Stored dataset items —
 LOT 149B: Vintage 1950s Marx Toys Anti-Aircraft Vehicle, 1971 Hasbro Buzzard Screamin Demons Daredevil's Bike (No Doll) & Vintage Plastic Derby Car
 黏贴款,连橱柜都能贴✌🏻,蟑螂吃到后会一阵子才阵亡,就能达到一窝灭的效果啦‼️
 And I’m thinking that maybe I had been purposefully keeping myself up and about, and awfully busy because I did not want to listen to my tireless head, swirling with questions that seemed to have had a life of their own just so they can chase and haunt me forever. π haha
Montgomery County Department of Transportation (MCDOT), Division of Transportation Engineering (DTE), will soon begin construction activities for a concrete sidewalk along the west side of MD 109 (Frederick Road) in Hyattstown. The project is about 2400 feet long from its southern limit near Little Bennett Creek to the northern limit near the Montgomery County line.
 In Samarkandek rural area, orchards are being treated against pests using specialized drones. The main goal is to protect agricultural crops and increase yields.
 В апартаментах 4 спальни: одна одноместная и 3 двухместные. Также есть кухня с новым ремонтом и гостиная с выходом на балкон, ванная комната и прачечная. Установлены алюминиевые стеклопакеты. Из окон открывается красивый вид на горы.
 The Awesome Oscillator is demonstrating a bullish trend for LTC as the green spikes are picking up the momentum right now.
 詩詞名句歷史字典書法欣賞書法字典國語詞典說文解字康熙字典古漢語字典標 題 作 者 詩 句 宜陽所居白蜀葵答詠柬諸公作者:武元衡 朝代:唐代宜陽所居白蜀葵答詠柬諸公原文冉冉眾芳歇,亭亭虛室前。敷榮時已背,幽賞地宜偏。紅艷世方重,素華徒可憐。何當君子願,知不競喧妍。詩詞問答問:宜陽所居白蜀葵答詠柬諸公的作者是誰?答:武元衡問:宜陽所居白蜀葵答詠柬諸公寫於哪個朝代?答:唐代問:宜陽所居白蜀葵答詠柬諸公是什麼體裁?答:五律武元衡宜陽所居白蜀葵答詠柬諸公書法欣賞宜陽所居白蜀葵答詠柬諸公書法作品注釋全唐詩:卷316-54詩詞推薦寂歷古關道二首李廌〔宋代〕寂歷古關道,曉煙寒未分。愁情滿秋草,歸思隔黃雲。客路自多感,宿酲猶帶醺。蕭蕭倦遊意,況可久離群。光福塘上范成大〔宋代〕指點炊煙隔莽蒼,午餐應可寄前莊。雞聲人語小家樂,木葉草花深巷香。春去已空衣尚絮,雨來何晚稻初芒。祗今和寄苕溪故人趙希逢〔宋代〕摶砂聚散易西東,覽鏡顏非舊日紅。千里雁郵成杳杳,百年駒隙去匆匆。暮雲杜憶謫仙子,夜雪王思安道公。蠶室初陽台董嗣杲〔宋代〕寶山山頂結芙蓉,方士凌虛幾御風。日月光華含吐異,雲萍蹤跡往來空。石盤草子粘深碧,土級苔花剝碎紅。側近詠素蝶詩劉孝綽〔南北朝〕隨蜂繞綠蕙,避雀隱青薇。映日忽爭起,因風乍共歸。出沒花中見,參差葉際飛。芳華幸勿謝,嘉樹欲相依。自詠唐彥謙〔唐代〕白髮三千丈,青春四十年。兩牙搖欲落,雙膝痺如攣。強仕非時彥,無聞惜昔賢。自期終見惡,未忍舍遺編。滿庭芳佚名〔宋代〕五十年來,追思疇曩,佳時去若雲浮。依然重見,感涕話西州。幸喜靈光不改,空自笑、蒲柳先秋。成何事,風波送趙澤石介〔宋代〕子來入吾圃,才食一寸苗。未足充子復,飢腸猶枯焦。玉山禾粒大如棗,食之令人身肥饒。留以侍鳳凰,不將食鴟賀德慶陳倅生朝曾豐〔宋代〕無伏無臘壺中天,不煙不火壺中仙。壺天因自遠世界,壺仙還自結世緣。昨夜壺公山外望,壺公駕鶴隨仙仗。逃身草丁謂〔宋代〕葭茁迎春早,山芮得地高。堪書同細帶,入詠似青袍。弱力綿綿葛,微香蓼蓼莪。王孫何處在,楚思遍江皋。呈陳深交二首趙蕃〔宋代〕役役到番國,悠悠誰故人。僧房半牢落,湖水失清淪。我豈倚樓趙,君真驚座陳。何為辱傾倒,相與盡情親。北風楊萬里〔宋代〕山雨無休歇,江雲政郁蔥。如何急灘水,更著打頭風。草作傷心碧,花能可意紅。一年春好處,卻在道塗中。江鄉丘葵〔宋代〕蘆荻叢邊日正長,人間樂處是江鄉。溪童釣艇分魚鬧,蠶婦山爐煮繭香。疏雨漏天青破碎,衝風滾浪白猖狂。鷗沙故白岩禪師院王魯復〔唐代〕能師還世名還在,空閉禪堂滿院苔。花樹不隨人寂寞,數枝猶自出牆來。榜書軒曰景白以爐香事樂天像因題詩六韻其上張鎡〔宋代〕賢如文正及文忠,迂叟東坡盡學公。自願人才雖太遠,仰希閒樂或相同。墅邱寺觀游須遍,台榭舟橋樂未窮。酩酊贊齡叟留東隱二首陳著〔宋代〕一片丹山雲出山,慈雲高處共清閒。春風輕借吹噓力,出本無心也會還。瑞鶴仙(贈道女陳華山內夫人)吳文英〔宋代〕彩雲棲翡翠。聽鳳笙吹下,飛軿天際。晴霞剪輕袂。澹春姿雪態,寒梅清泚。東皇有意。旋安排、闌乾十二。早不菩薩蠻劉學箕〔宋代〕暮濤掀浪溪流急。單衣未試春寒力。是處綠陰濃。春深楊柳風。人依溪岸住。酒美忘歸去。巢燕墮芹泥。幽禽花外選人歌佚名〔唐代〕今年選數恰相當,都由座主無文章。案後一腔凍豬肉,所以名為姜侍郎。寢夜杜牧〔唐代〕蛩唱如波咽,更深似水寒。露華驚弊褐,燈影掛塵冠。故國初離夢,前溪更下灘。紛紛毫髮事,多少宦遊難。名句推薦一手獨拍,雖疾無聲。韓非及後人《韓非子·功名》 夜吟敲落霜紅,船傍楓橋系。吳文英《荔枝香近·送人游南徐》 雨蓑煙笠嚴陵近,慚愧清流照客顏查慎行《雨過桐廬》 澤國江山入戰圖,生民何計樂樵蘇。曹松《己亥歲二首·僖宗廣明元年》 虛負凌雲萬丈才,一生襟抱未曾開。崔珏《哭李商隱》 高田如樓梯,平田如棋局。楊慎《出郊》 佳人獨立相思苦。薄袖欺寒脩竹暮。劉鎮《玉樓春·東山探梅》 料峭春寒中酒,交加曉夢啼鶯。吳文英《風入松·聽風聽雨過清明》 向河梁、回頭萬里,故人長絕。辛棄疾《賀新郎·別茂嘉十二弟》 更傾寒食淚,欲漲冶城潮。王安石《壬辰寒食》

TASK —
Without changing anything, quote the lines from the top of the data to the line that contains "And I’m thinking", including that line.

REPLY TO THE TASK —
 LOT 149B: Vintage 1950s Marx Toys Anti-Aircraft Vehicle, 1971 Hasbro Buzzard Screamin Demons Daredevil's Bike (No Doll) & Vintage Plastic Derby Car
 黏贴款,连橱柜都能贴✌🏻,蟑螂吃到后会一阵子才阵亡,就能达到一窝灭的效果啦‼️
 And I’m thinking that maybe I had been purposefully keeping myself up and about, and awfully busy because I did not want to listen to my tireless head, swirling with questions that seemed to have had a life of their own just so they can chase and haunt me forever. π haha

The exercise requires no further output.